Data for the task Start Marker
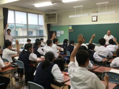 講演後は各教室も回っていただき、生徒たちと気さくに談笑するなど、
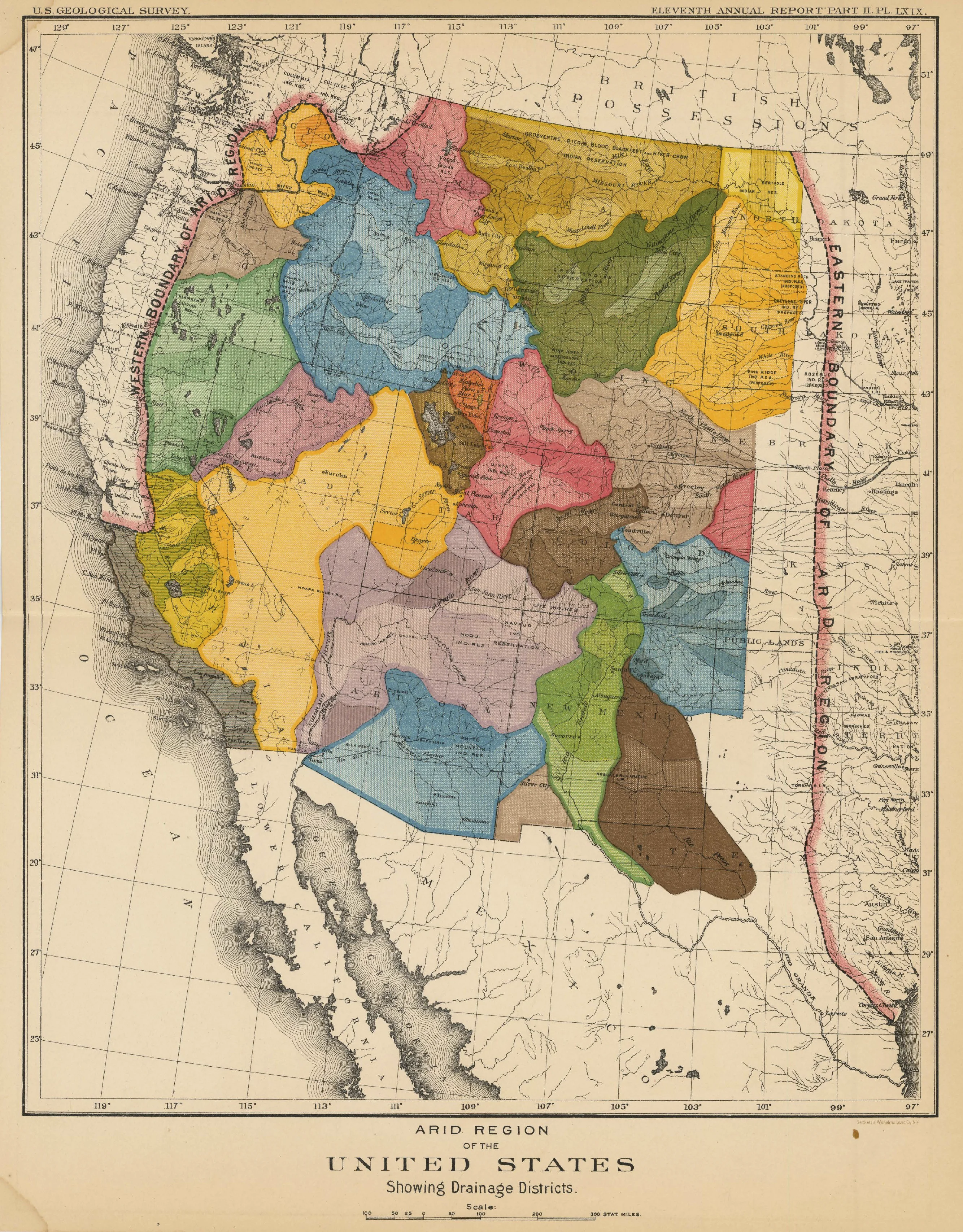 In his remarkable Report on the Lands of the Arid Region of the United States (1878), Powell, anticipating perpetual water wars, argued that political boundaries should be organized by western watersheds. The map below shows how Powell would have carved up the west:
Data for the task End Marker
Data for the task Start Marker
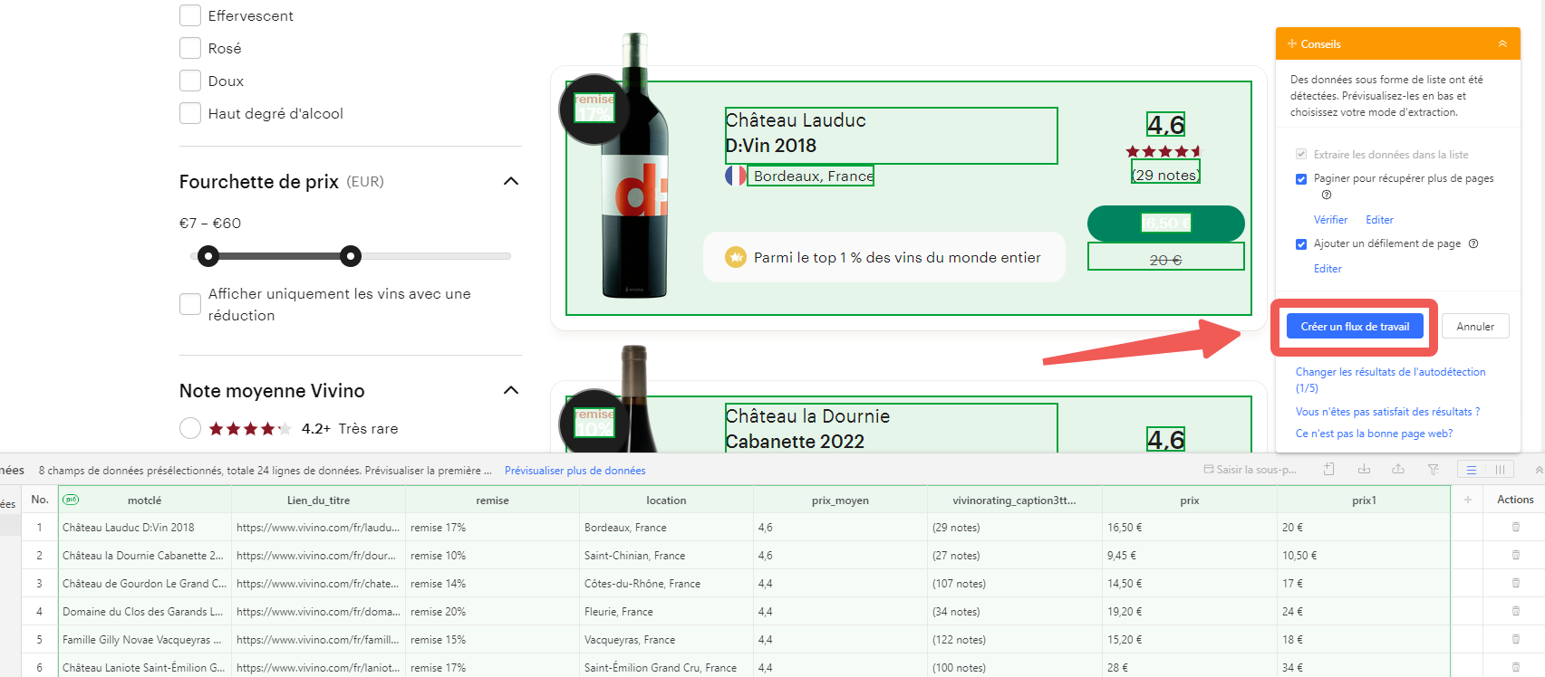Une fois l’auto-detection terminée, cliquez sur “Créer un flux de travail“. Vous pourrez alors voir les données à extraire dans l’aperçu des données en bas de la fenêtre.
Data for the task End Marker
Data for the task Start Marker
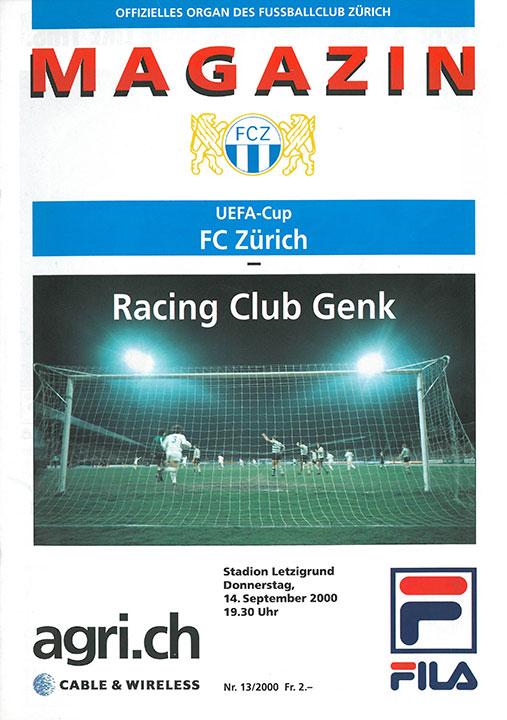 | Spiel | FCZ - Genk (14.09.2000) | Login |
Data for the task End Marker
_Problem details_
From the records above, extract the lines from the one holding "講演後は各教室も回っていただき、生徒たちと気さくに談笑するなど、" through the one holding "In his remarkable", word for word; omit the pictures.

_Task result_
 講演後は各教室も回っていただき、生徒たちと気さくに談笑するなど、
 In his remarkable Report on the Lands of the Arid Region of the United States (1878), Powell, anticipating perpetual water wars, argued that political boundaries should be organized by western watersheds. The map below shows how Powell would have carved up the west:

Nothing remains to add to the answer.